The load balancer is now ready to direct traffic to the sites we create in ECS

Creating Services

Each site is a docker container running in ECS (or if the container handles multi-tenancy one container may service multiple sites). This provides us with immutable infrastructure, rather than servers we update as we make changes. If a container is compromised it is simply terminated and replaced. Ideally the container is configured to require no local changes at runtime, even for ephemeral state, so that we can use read-only file systems further reducing the chance of a compromise. This assumes, of course, that you do not permit executable code to be stored in your persistence layer.

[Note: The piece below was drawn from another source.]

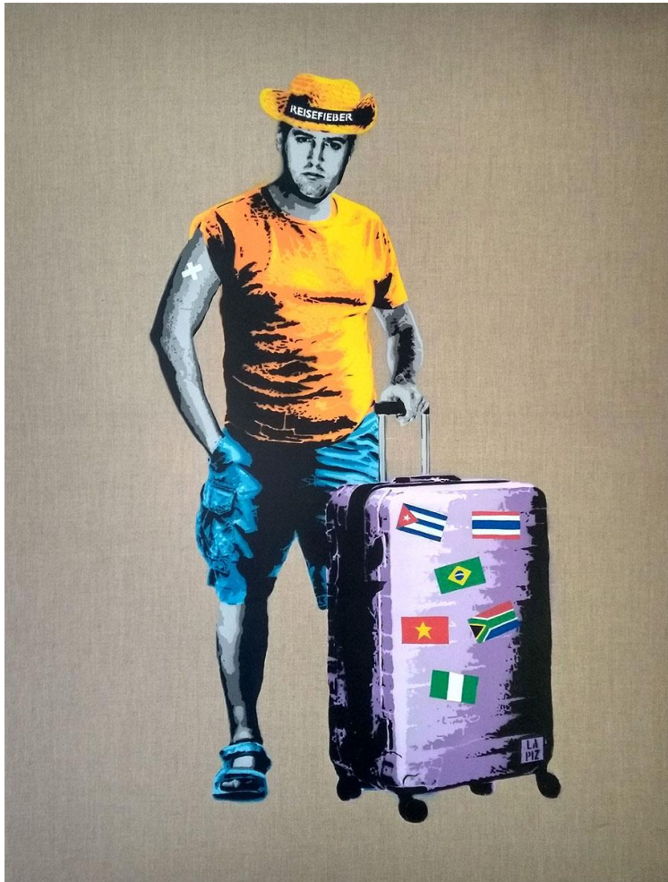
'Reisefieber/Travel fever': Aerosol on canvas, marker pen H: 130 cm x W: 100 cm

Add a routing rule to the load balancer

Goto EC2
Select Load Balancers from Load Balancing
Select the load balancer
Select HTTPS listener
Select Add Rule
Click Next
Add Host header condition for the target domain
Confirm and click Next
Set Routing action to Forward to target groups
Create a target group as described above or pick the previously created target group if this is the first site we're setting up
Pick some priority and click Next
- priority doesn't matter since all our rules will be host header rules that either match or don't
Click Create

Upload Application Container to ECR

Go to ECR
Create a private repository for the application
Upload the container (see View Push Commands for details)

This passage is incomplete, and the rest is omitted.